Wednesday, June 5, 2024

Hudson's "New, Exciting Commercial District"

As predicted, Dan Kent and Dan Hubbell were at the Hudson Industrial Development Agency (IDA) meeting this morning seeking a PILOT (payment in lieu of taxes) agreement for the revised plans for what the Galvan Foundation wants to construct at 75 North Seventh Street, across the street from the building now under construction, in the part of the city that Galvan has dubbed the "Depot District." 

Photo: Win Jackson
A little history of the Depot District and the IDA is in order. Early in 2021, when the project first came before the IDA, the plan was that the building on the west side of the street (75 North Seventh Street) would be low- and moderate-income housing, and the building on the east side of the street (now 76 North Seventh Street) would be market rate. But when the IDA decided they shouldn't be giving tax breaks to a market rate apartment project, Galvan redefined the building on the east side of the street as "workforce housing," for households with incomes between 80 and 130 percent of the area median income (AMI). 

In September 2021, the IDA voted to approve PILOTs for both buildings. 

While the construction of the building designated as "workforce housing" began in October 2023, no progress has been made on the other building--the one intended for households with incomes between 40 and 80 percent of the AMI. The building on the east side of the street was to be financed through banks and private investment; the building on the west side of the street was seeking state funding. The project applied for state funding twice and was twice denied. Earlier this year, Gossips learned that the project had been disqualified for state funding through NYS Homes and Community Renewal because three houses on the site had been demolished, eliminating four dwelling units, before funding for the new building had been secured. 
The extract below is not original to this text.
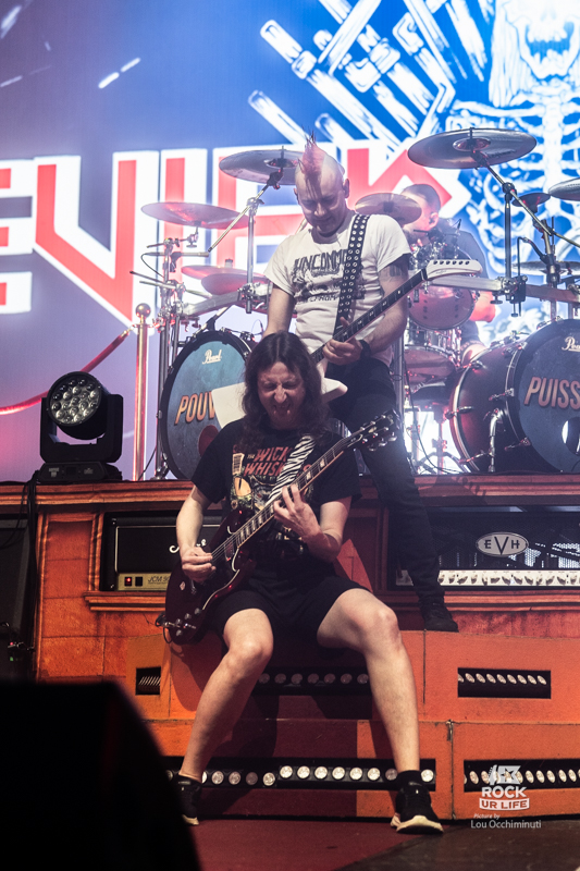 Les lumières s’éteignent enfin et acclamés par l’auditoire ULTRA VOMIT surgit sur scène et lancent immédiatement les hostilités avec “Evier Metal” rapidement suivi de “Le Coq”. Le ton est donné avec des riffs massifs et énergiques qui captent immédiatement les premiers rangs qui partent en pogos instantanés. Après ce début tonitruant, la formation nantaise prend le temps de faire les présentations. Fidèle à sa réputation, Ultra Vomit installe d’emblée une atmosphère de franche camaraderie. Les musiciens discutent avec l’auditoire, notamment le batteur Manard qui en profite pour commencer à faire des blagues, comme s’il retrouvait de vieux amis. Le Zénith répond avec enthousiasme, prêt à suivre le groupe dans toutes ses absurdités.

Today, Dan Kent told the IDA that they were looking at a new model for the building on the west side of the street, one that was closer to that of the building on the east side of the street, because the model they were using "no longer works." Of the building's 75 apartments, once meant to be for households with incomes between 40 and 80 percent of AMI, 15 (or 20 percent) would be "affordable" (incomes between 80 and 130 percent of AMI) and 60 (80 percent) would be market rate. He further explained the change by saying they didn't want to compete for state funding with the Hudson Housing Authority and the project being pursued by Kearney Realty and Development to build affordable housing on City-owned land. 

Kent and Hubbell maintained that the site plan for the building had not changed, so there was no need for the project to go back to the Planning Board. The appearance of the building seems to have changed somewhat since the Historic Preservation Commission granted a certificate of appropriateness in June 2022, so it's likely the project will be returning to the HPC. The first four renderings below show the design that was approved by the HPC. The final rendering was part of the presentation made to the IDA this morning.

The IDA plans to hire a consultant to analyze the PILOT request and its economic impacts. The PILOT application, the cover letter, and the presentation made to the IDA can be found here, here, and here.


  1. As if the original renderings weren't ugly enough, the new one looks like a cheap hotel on the outskirts of Cleveland. No disparagement meant to Cleveland.

  2. I could not have come up with a better location for 140 apartments, 8 or 9 retail businesses and no off street parking if you paid me to. (Sorry, their 30 space parking lot one and a half blocks away at Washington & 6th does not count. Tenants will fill the already well occupied nearby streets first before parking there.)
    Have you seen how close the building under construction is to the depot brewery and the permanent food truck out front with its wood burning oven constantly belching smoke? Looks like it's going to be a heavenly place to settle down in Hudson! This is the Galvan idiot's idea of a liveable Hudson! Think Dan Kent would like to live there? If he feels it's going to be so wonderful, he should have to live there! These people frighten me.

  3. The whole thing is absurd, the "Distressed Area" pictured wasn't distressed at all, it was the site of several houses that they plowed down. Then they show this post destruction photo of the vacant lot and call it a distressed area to promote the construction of an ugly, oversized and inappropriately placed apartment building.

    This is what happens when you delegate city planning to private developers and political activists. The Planning Boards function isn't to plan anything, but only to rubber stamp these outrageous commercial projects - while complaining about soffits, door lintels and paint colors for private residents to maintain the illusion that they have some regulatory control.

  4. I have never seen such ugly buildings. The whole project is a disgrace. The new suggested buildings are 6 stories tall - how is that allowed in Hudson where I thought the maximum was 4? No wonder they didn't get NY State funds, after knocking down 3 perfectly good houses. And who allows them to call this whole area "The Depot District". That in itself is bad enough.